Computing the correlation coefficients is easy and can provide insides to feature-to-feature and feature-to-target assiciations. 


### Correlation coefficient
A **correlation coefficient $p$** shows how much two features' movements are associated *linearly*:

- $abs(p) < 0.1$: No relevant linear correlation
- $p > 0.5$: Strong plositive linear correlation
- $p < -0.5$: Strong negative linear correlation


#### Correlation of arbitrary functions

Let's simulate some arbitraty funcitons to get a feeling for the correlation coefficients:

In [None]:
x = np.linspace(start=-1, stop=0.85, num=100)
np.random.seed(42)
noise = 0.4 * np.random.randn(x.size)
df = pd.DataFrame(np.column_stack([ x , 0.33*x,   x*x    ,  -x  ,  noise ,  x + noise]), 
                          columns=["x", "pos" ,  "square", "neg", "noise", "pos+noise"])
df.plot(style=".");

Panda DataFrames include a `corr` method for computing the pairwise correlation coefficients of the columns:

In [None]:
df.corr()["x"]

Result discussion:
- Full correlation (+/-1) is given, regardless of the slope: E.g. $p(0.33*x)=p(x)=1$
- The `square` function exebits a relatively weak **linear** correlation (Strongly depencent on the x-axis section)
- Although quite noisy the `pos+noise` correlation is very strong.



### Applying `corr` to the `housing` dataset

In [None]:
housing.head(3)

In [None]:
corr_matrix = housing.corr()
corr_matrix

A heatmap of the correlation matrix is easier to evaluate. 

`Matplotlib` can show bitmaps by using the `imshow()` method.
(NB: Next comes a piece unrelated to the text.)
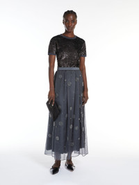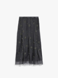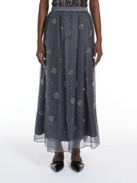 DETAILS Long circle skirt in lightweight organza fabric. This piece is embellished with rhinestone and micro sequin embroidery all over. COMPOSITION AND CARE Fabric 100% silk; embroidery thread 100% polyester; - exclusive of decoration; lining 100% cotton. Do not wash; do not bleach; do not tumble dry; cool iron; professionally dry clean perchloroethylene - mild process; do not wet clean.; put this item into a string bag before washing it.; turn the articles inside out before washing. Distributed by Max Mara S.r.l., registered office in Reggio Emilia (Italy), Via Giulia Maramotti 4, 42124 (IT)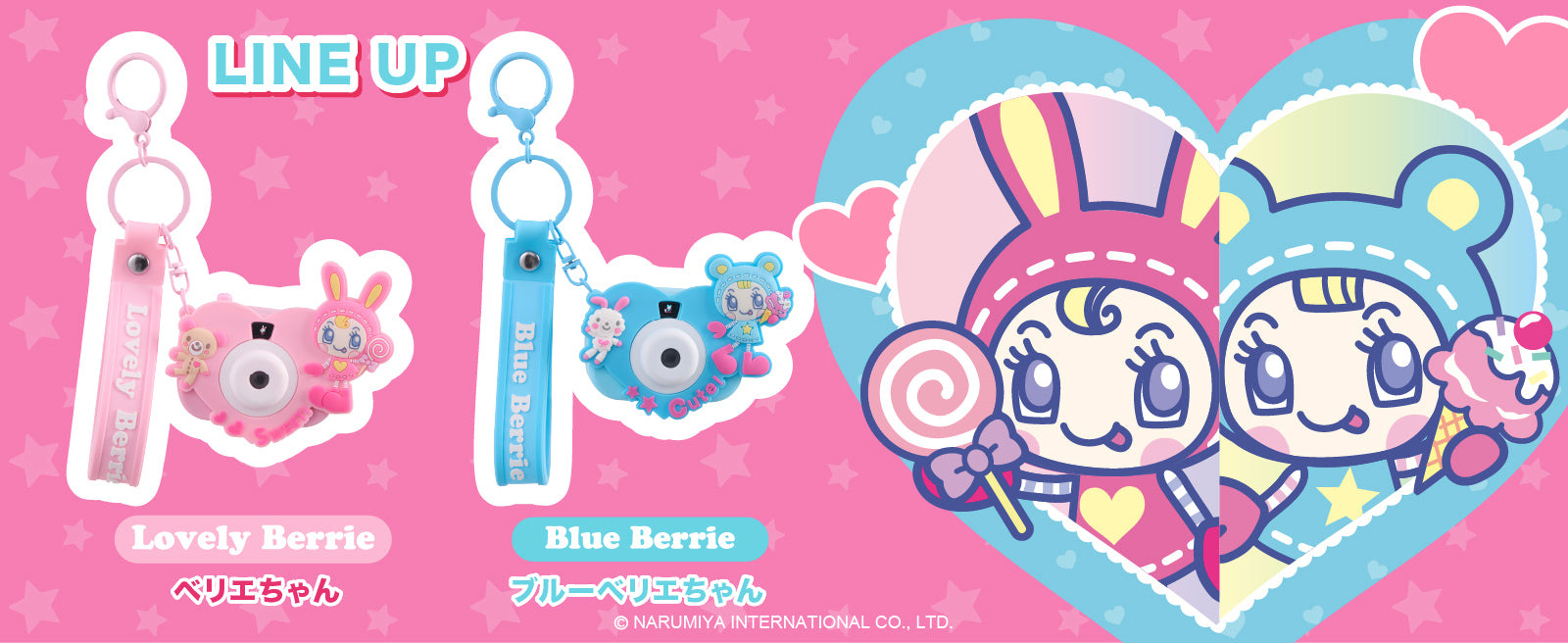【ブルーベリエちゃん】内容量:1個 | 材質:PVC・ABS・亜鉛合金 | ボタン電池:LR41 (AG3) ×3 | 本体サイズ (WxDxH):76 x 26 x 62mm

If the bitmap is a NumPy matrix you may call it a heatmap: 

In [None]:
plt.imshow(corr_matrix, cmap=plt.cm.bwr)
plt.xticks(range(len(corr_matrix.columns)), labels=corr_matrix.columns, rotation=90)
plt.yticks(range(len(corr_matrix.index)), labels=corr_matrix.index)
plt.clim([-1, 1])
plt.colorbar();

#### Evaluating the heatmap

1. There is a strong correlation between the four features `total_rooms`, `total_bedrooms`, `population` , `households`.

1. Also there is a strong negative correlation between `longitude` and `latitude`. This can be understood from the map of California from the previous chapter.

1. `median_house_value` is the **target**. Thus, features with high (positive or negative) correlation with `median_house_value` are of interest. The following sorted output shows that only `median_income` correlates significantly:

#### Correlation with "median_house_value"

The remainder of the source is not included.